In a neural network:
- The hilly landscape is the loss surface — the value of the loss as you vary all the weights
- Your position on the landscape is the current set of weights
- The valley floor is the set of weights that minimise the loss — where the network makes the fewest mistakes
- The gradient is the mathematical description of “which way is uphill from here?”
- Gradient descent is the algorithm of always stepping downhill
4. What the gradient is — precisely
For a function L(w₁, w₂, …, wₙ) with n weights, the gradient is the vector of all partial derivatives:
∇L = [∂L/∂w₁, ∂L/∂w₂, ..., ∂L/∂wₙ]
The symbol ∇ is called “nabla” or “del.” It collects all the partial derivatives into one package.
The gradient has two properties that make it useful:
- It points in the direction of steepest increase of L
- Its magnitude (length) tells you how steep that slope is
Gradient descent moves in the opposite direction — steepest decrease:
w_new = w_old - η × ∇L
Where η (eta) is the learning rate — a small positive number controlling step size.
5. A tiny worked example — 2 weights
Loss function: L(w₁, w₂) = w₁² + w₂²
(This is a simple bowl-shaped surface. The minimum is at w₁=0, w₂=0.)
Compute the gradient:
∂L/∂w₁ = 2w₁
∂L/∂w₂ = 2w₂
∇L = [2w₁, 2w₂]
Starting point: w₁ = 3, w₂ = 4. Learning rate η = 0.1.
∇L at (3,4) = [2×3, 2×4] = [6, 8]
The gradient is [6, 8] — pointing uphill, away from the origin.
Gradient descent step:
w₁_new = 3 - 0.1 × 6 = 3 - 0.6 = 2.4
w₂_new = 4 - 0.1 × 8 = 4 - 0.8 = 3.2
New loss:
L(2.4, 3.2) = 2.4² + 3.2² = 5.76 + 10.24 = 16.0
Previous loss: L(3,4) = 9 + 16 = 25. We went from 25 → 16. Getting closer to the minimum of 0.
After several more steps:
Step 2: (2.4, 3.2) → (1.92, 2.56) → L = 10.24
Step 3: (1.92, 2.56) → (1.536, 2.048) → L = 6.55
...
Step 20: ≈ (0.03, 0.04) → L ≈ 0.003
Converging toward (0, 0) — the minimum.
6. Learning rate matters enormously
The learning rate η controls the step size. Getting it wrong breaks training.
Too large (η = 2.0):
w₁_new = 3 - 2.0 × 6 = 3 - 12 = -9 ← overshoot!

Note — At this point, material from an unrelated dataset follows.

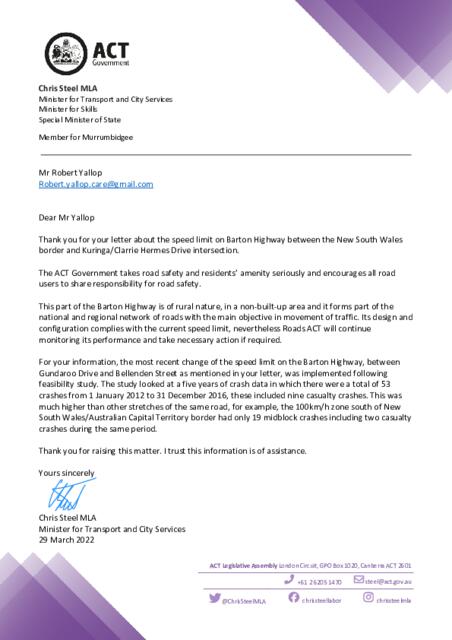 On 29 March, Minister Steel responded to the request advising that this part of the Barton Highway is of rural nature, in a non-built-up area and it forms part of the national and regional network of roads with the main objective in movement of traffic. Its design and configuration complies with the current speed limit, nevertheless Roads ACT will continue monitoring its performance and take necessary action if required.

L(-9, ...) = 81 + ... ← loss went UP, not down
With a large learning rate, you jump over the valley and land on the other side — higher up. Training oscillates or diverges.
Too small (η = 0.00001):
w₁_new = 3 - 0.00001 × 6 = 2.99994 ← barely moved
Training will converge but it will take millions of steps. Impractically slow.

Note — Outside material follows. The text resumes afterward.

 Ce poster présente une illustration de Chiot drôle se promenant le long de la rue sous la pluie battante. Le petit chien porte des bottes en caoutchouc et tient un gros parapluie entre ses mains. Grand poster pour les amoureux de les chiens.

Just right (η ≈ 0.1 for this example): Steady progress toward the minimum.
Finding the right learning rate is one of the most important practical skills in deep learning. Modern training uses adaptive learning rate methods (Adam, RMSProp) that automatically adjust η for each weight individually.
7. The landscape is rarely a perfect bowl
For our toy example L = w₁² + w₂², the loss surface is a smooth bowl with one minimum. Easy.
For a real neural network with millions of weights, the loss surface is a strange, high-dimensional landscape with:
- Local minima — valleys that are not the lowest point
- Saddle points — places that look like a minimum from one direction but slope downward from another
- Plateaus — flat regions where the gradient is near zero and progress stalls
- Cliffs — sudden steep drops where the gradient explodes
Understanding these features is important for training large models. Many tricks in modern deep learning — momentum, gradient clipping, warm-up schedules — exist specifically to navigate this difficult landscape.
8. Where does this appear in AI?
Paper 03 — Backpropagation: Backpropagation computes the gradient ∇L efficiently in one backward pass. Before backprop, you would have to compute each partial derivative separately — one full forward pass per weight. Backprop computes all gradients in a single backward pass, making training tractable.
Paper 04 — LSTM: The vanishing gradient problem is when ∂L/∂w values shrink toward zero as they propagate backward through many layers. The gradient becomes so small that the weights at early layers barely update. LSTM solves this with a specially designed structure that keeps gradients alive.
Paper 15 — RLHF: Reinforcement learning from human feedback uses a variant called policy gradient — the gradient of expected reward with respect to model parameters. Same idea, applied to optimise for human preference rather than prediction accuracy.
9. Common mistakes
-
Moving in the direction of the gradient. Gradient descent moves opposite to the gradient — you subtract, not add. The gradient points uphill. You want to go downhill.
-
Using the same learning rate for every problem. A learning rate that works beautifully for one network will cause another to diverge. Always treat η as a hyperparameter to tune.
-
Thinking gradient descent always finds the global minimum. For non-convex losses (like real neural networks), gradient descent finds a local minimum — or a saddle point, or just stops when the gradient becomes very small. The remarkable empirical finding of deep learning is that local minima in large networks tend to be good enough in practice.
10. Try it yourself
Exercise 1: L(w) = (w - 5)². Compute the gradient dL/dw. Starting from w=0 with η=0.2, perform 3 gradient descent steps. What value is w converging toward?
Show answer
dL/dw = 2(w-5)
Step 0: w = 0. Gradient = 2(0-5) = -10. w_new = 0 - 0.2×(-10) = 2.0 Step 1: w = 2. Gradient = 2(2-5) = -6. w_new = 2 - 0.2×(-6) = 3.2 Step 2: w = 3.2. Gradient = 2(3.2-5) = -3.6. w_new = 3.2 - 0.2×(-3.6) = 3.92
w is converging toward 5 — the minimum of (w-5)², which is 0 when w=5.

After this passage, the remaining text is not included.